So how might the game play out? Germany will be expected to dominate possession and territory, but the worry is exactly how they convert that control into clear chances - Slovakia showed that German possession can be porous without intensity and cleverness in the final third.
Based on the personnel Nagelsmann used against Slovakia and the tweaks most outlets reckon he’ll make, a likely Germany XI could look like this:
Germany (4-2-3-1): Baumann - Mittelstädt, Rüdiger, Tah, Raum - Goretzka, Kimmich - Gnabry, Wirtz, Adeyemi - Woltemade
Returning Joshua Kimmich to the right-back position would be one option. However, that would mean admitting that moving him to central midfield was a mistake. A more likely scenario would be to play Maximilian Mittelstädt on the unfamiliar right side. The Stuttgart player has already proven in the past that he is a versatile player - most recently against Slovakia, where he was used as the right-back for the second half.

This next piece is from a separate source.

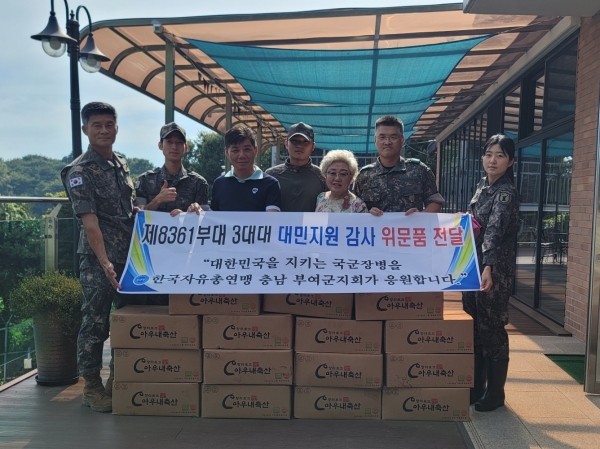 [충청뉴스큐] 한국자유총연맹 부여군지회는 지난 3일 제8361부대 3대대를 방문해 대민 지원에 나선 장병들에게 감사의 위문품을 전달했다.
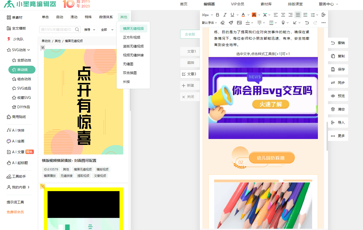 这时候就要祭出我的第二个法宝——小墨鹰编辑器SVG动效里的视频素材!在编辑器左侧点击“SVG动效”,找到“单动效”分类里的“其他”子分类,这里面藏着超级多炫酷的视频动效素材。有科技感的数字倒计时、唯美的花瓣飘落、动感的线条穿梭等等,每个都能直接用在视频里。

Goretzka was not at his best in a more forward position against Slovakia and is therefore likely to return to the double pivot and next to his Bayern teammate Kimmich. In front of them, Adeyemi, who looked energetic when he came on in Bratislava, is likely to get a shot in the starting eleven; Nadiem Amiri or Jamie Leweling could also be candidates for this positions, though.
Northern Ireland will likely stick with the XI that beat Luxembourg, the same compact, hard-working group that combines experienced pros with hungry youngsters - only midfielder Saville and defender McConville could really come into consideration:
Northern Ireland (3-4-2-1): Peacock-Farrell - Toal, McNair, Hume - Bradley, McCann, Charles, Devenny - Galbraith, Price - Reid
If Germany fail to win this game, the country will go into somewhat of a panic state and the backlash would be huge: in a group consisting of them, Slovakia, Luxembourg and Northern Ireland, the Germans are expected to finish first - no doubt about it. Besides that, Germany need to win matches in order to stay in the top 9 of FIFA's world ranking: only the top 9, assuming all of them qualify for the 2026 World Cup, will be the head of each individual group at the tournament, which is something Germany would definitely like to be.
Let's see if Nagelsmann and his boys can send their fans home happy this time - or if Bastian Schweinsteiger, as he did after the loss against Slovakia, will point to the unhappy and disappointed fans again after the final whistle.